Hmm yeah. I'll try to find out more about the reason (hopefully it's not way beyond my level) after the physics exam - I want to know the answer lol.

[Shark 774]

Just want to know if doubling the number of photons hitting the metal will always double the number of electrons coming out of the metal, or not necessarily. Anyone know for sure, or not exactly? I wish my teacher could explain himself better...

[jimbothebest]

My understanding of it is that photocurrent is directly proportional to light intensity, so doubling the intensity will double the photocurrent. I'm pretty sure in the 'real world' this is not the case, as not every electron is the 'most loosely bound' or won't have the 'maximum kinetic energy' or whatever. But in VCE physics I've been told that a double in light intensity will double the amount of incident photons, and therefore double the amount of ejected electrons and hence photocurrent. Hope this is of any assistance.

[Lasercookie]

Yeah, that's my understanding of it as well. However, I tend to avoid explicitly using the word 'double' and just go for increase when answering theory questions though. I don't know why I do that, I guess because I'm not 100% convinced that it doubles perfectly.

There was that question in VCAA 2009 (Q7ii) about electrons emitted per second when intensity is doubled.

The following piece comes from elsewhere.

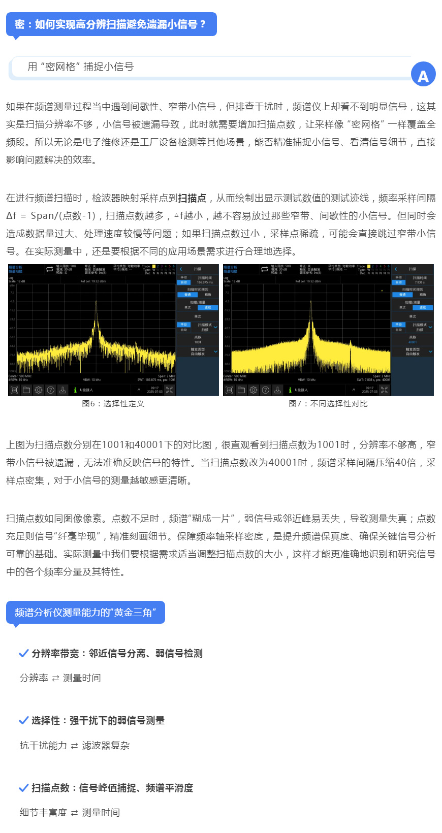 驱动频谱精准测量的关键“窄·锐·密”

VCAA used the term 'increase' (though my teacher used the term 'double'). It's probably safer to go with VCAA's wording on the matter.

If I was asked to draw a graph of photo current after intensity is doubled, I would draw it to be doubled. I can't immediately recall any VCAA questions like that (I think they tend opt for the multiple choice of graphs).

I'll try to find more stuff relating to it when I read through the assessor reports again tomorrow.

About the 'real world' explanation, I think I went into that in that post I made earlier. I did some checking and I'm pretty sure most of what I said there is correct.